Q: From chapter three onwards, you talk about and approach fantasy and science fiction. What place or function do you think fantasy has in contemporary fiction? How does this relate to Georgian culture and mythology?
TC: Fantasy and science fiction carry the same importance and function now as they did in the works of Edgar Allan Poe, Jules Verne and Herbert G. Wells. I don’t suppose the genre has developed dramatically since these three, great writers. However, technological advances have enriched and diversified this kind of literature, which,for its part,has equipped modern writers with a certain knowledge and given them more courage, but I doubt all this has led to the production of high-quality works, marked with originality.

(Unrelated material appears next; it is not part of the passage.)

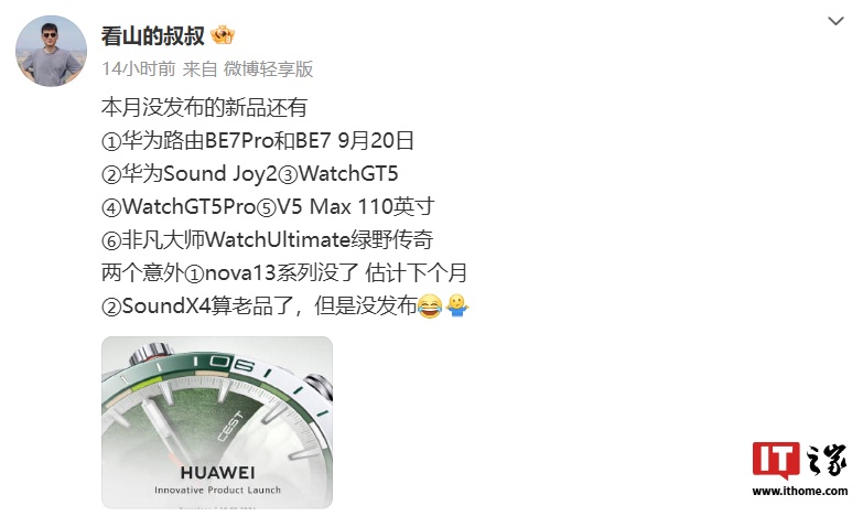 IT之家 9 月 12 日消息,博主 @看山的叔叔 今日发文爆料华为本月还未发布的新品,并透露了部分新品发布时间,包括华为路由 BE7 系列、nova 13 系列手机等。新品爆料详情如下:

Frankly speaking, the genre isn’t one of my favourites and I hardly read modern sci-fi writers. I suspect that old age has something to do with it. Apparently, old age is characterized by a fantasy of its own!
However, it would be wrong to talk about the importance of fantasy only in terms of the works written in these genres. In Georgian literature, which covers fifteen centuries and can boast noteworthy achievements in the past few decades, fantasy penetrates literary works mainly through fairy tale and myth. The cradle of fantasy is a fairy tale, which, in a way, has always reflected general nostalgia for the future—as if people had lived in the future rather than in the past.
Q: Leading from this, the novel’s narrative crosses several timelines,perspectives and even worlds; what was the intention behind the sub-plot of the astrophysicist and the “Visitor”?
TC: I’m not at all sure how the fantasy narrative crept into my novel,or how the astrophysicist and the Visitor’s love motif wormed its way into the main plot, or even what determined their relationship.
The creative process is full of unexpected things. It often happens that the text seemingly gets an upper hand, starts to control the writer, in a way gets hold of his initial plan. As a result,many actions or episodes in the novel are unexpected, even for the writer.
A literary text is similar to a living being, complete with its own logic. World literature abounds with examples of a writer being obliged to divert from his initial creative plan, sometimes even cardinally change it.
I’m not trying to avoid a direct answer to the question. I just cannot give a decisive answer. It’s possible that the relationship was determined by the profession of one of the protagonists. Sadly, I cannot say anything more about it.
Q: What made you decide to write each chapter from a different character’s perspective as the book progresses? Is this to create a sense of confusion in the reader as to what is real and what is fantasy?
TC: It wasn’t my intention to “confuse” my readers. Besides, it’s practically impossible to confuse sophisticated readers who have dodged the traps laid by Joyce and Faulkner. Basically, I don’t suppose it’s a good idea to deliberately send one’s readers into a state of confusion.
I cannot speak for my readers, but I think it’s me who is confused, probably because very often (and not only when I write) I hardly notice where the line between the reality and fantasy lies. But is it only me who feels similarly addled in our modern times?